We must return again to Carroll’s most central claims (IMHO) that ‘input’ and ‘intake’ are badly defined theoretical constructs which make a bad starting point for any theory of SLA, and that consequent talk of ‘L1 transfer’; ‘noticing’; ‘negotiation of meaning’; and ‘ouput’ are similarly unsatisfactory components of a theory of SLA. The starting point should be stimuli from the environment, not linguistic input (whatever that is), and we must then explain how these stimuli get represented and successfully transformed into developing interlanguages. This demands not just a property theory to describe what is being developed, but a much better model of the learning mechanisms and the reasoning involved than is presently on offer.

A taster

Long’s Interaction Hypothesis states that the role of feedback is to draw the learner’s attention to mismatches between a stimulus and the learner’s output, and that they can learn a grammar on the basis of the “negotiation of meaning.” But what is  meant by these terms? For Carroll, “input” means stimulus, and “output” means what the learner actually says, so the claim is that the learner can compare a representation of their speech to a representation of the speech signal. Why should this help the learner in learning properties of the morphosyntax or vocabulary, since the learner’s problems may be problems of incorrect phonological or morphosyntactic structure? To restructure the mental grammar on the basis of feedback, the learner must be able to construct a representation at the relevant level and compare their  output — at the right level — to that.

It would appear then,…  that the Interaction Hypothesis presupposes that the learner can compare representations of her speech and some previously heard uttefance at the right level of analysis. But this strikes me as highly implausible cognitively speaking. Why should we suppose that learners store in longterm memory their analyses of stimuli at all levels of analysis? Why should we assume that they are storing in longterm memory all levels of analysis of their own speech?… Certainly nothing in current processing theory would lead us to suppose that humans do such things. On the contrary, all the evidence suggests that intermediate levels of the analysis of sentences are fleeting, and dependent on the demands of working memory, which is concerned only with constructing a representation of the sort required for the next level of processing up or down. Intermediate levels of analysis of sentences normally never become part of longterm memory. Therefore, it seems reasonable to suppose that the learner has no stored representations at the intermediate levels of analysis either of her own speech or of any stimulus heard before the current “parse moment.” Consequently, he cannot compare his output (at the right level of analysis) to the stimulus in any interesting sense….. Moreover, given the limitations of working memory, negotiations in a conversation cannot literally help the learner to re-parse a given stimulus heard several moments previously. Why not? Because the original stimulus will no longer be in a learner’s working memory by the time the negotiations have occurred. It will have been replaced by the consequences of parsing the last utterance from the NS in the negotiation. I conclude that there is no reason to believe that the negotiation of meaning assists learners in computing an input-output comparison at the right level of representation for grammatical restructuring to occur (Carroll, 2001, p. 291).
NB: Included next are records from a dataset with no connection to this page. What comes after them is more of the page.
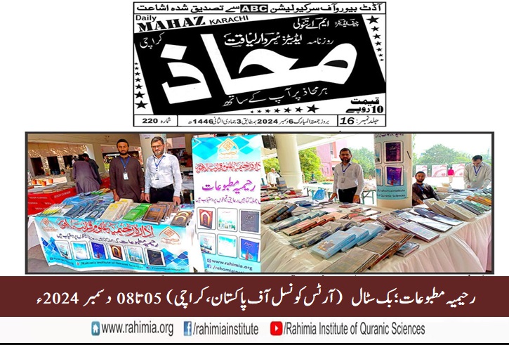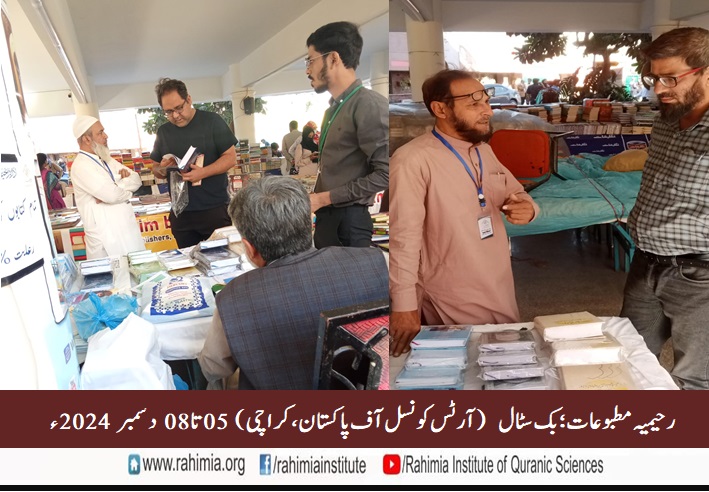 چار روزہ سترھویں عالمی اردو کانفرنس 2024ء (5 دسمبر تا 8 دسمبر) کا انعقاد آرٹس کونسل آف پاکستان کراچی میں ہوا۔ جس میں مختلف پروگرامز کے علاوہ ایک کتب میلے کا بھی انعقاد کیا گیا تھا۔ اس کتب میلے میں ملک بھر سے نام ور پبلشرز نے شرکت کی۔ اس چار روزہ بک فئیر میں ہزاروں لوگوں نے شرکت کی اور علمی وادبی کتابوں میں گہری دل چسپی کا اظہار کیا۔ اس بک فیئر میں رحیمیہ انسٹی ٹیوٹ آف قرآنک سائنسز (ٹرسٹ) لاہور کی جانب سے رحیمیہ مطبوعات کا اسٹال خاص توجہ کا مرکز رہا۔ شرکاء نے رحیمیہ مطبوعات کی کتب کو نہایت پسند کیا اور انہیں خصوصی رعایتی قیمتوں پر خریدنے کا موقع حاصل کیا۔ رحیمیہ مطبوعات کی کتب میں قرآنک سائنسز، اسلامی تاریخ، اور دیگر علمی موضوعات پر مبنی کتابیں شامل تھیں، جو شرکاء کے لیے خصوصی توجہ کا باعث بنیں۔ بک فیئر کے دوران لوگوں نے نہ صرف اپنی پسندیدہ کتب حاصل کیں بلکہ علم و تحقیق کے میدان میں رحیمیہ انسٹی ٹیوٹ کے کردار کی بھی بھرپور تعریف کی۔ طلباء و طالبات، علماء، پروفیسرز، ڈاکٹرز، قانون دان، تجزیہ نگاروں اور زندگی کے مختلف شعبوں سے تعلق رکھنے والے لوگوں نے رحٰمیہ مطبوعات سے متعلق اپنے تاثرات بھی قلم بند کئے۔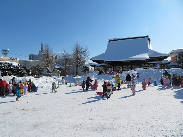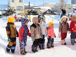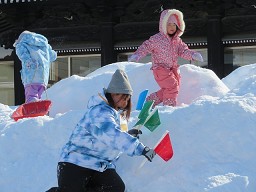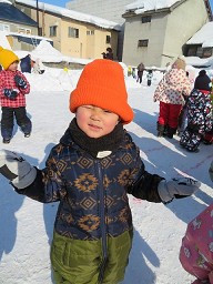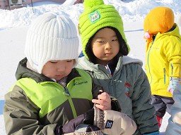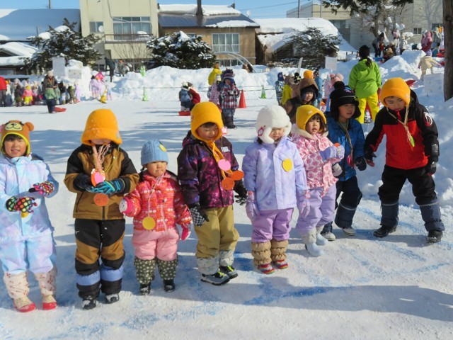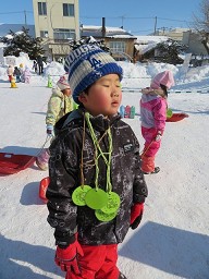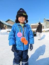 「的あて」「宝さがし」「山登り」「そり滑り」「サッカー」のステーションがあり皆 好きなステーションで 遊んでメダルを もらい雪遊びを楽しんでいました。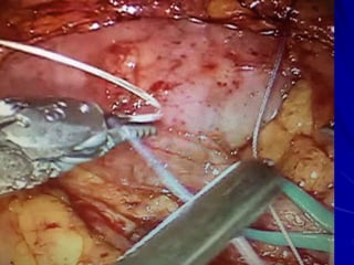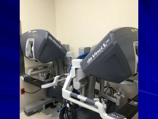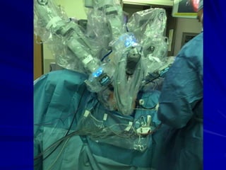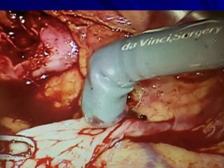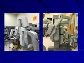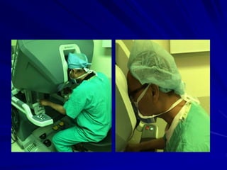 This document discusses laparoscopic surgery, a minimally invasive procedure that allows access to the peritoneal cavity for operations using small incisions and a laparoscope. It covers the history, instruments, advantages, and complications of laparoscopic procedures, emphasizing the importance of proper instrument handling and decontamination to ensure patient safety. The document also outlines the ergonomics and challenges faced by surgeons during laparoscopic surgeries, including the benefits and drawbacks of robotic-assisted laparoscopic techniques.

Preposterous, right, Mike?

Fun will finally ensue when, in Part 5, I get together with a bunch of well oiled chums in a video conference session to defend Carroll’s insistence on a property theory and a language faculty against the usage based (UB) hordes. Neil McMillan (whose Lacan in Lockdown: reflections from a small patio is eagerly awaited by binocular-wielding graffiti fans in Barcelona); Kevin Gregg (train schedule permitting); and Mike (‘pass the bottle’) Long are among the many who probably won’t take part.

References

Carroll.S. (2001) Input and Evidence. Amstedam, Benjamins.

Carroll, S. (2002) I-learning. EUROSLA Yearbook 2, 7–28.

Gregg, K. R. (1993) Taking explanation seriously; or, let a couple of flowers bloom. Applied Linguistics 14, 3, 276-294.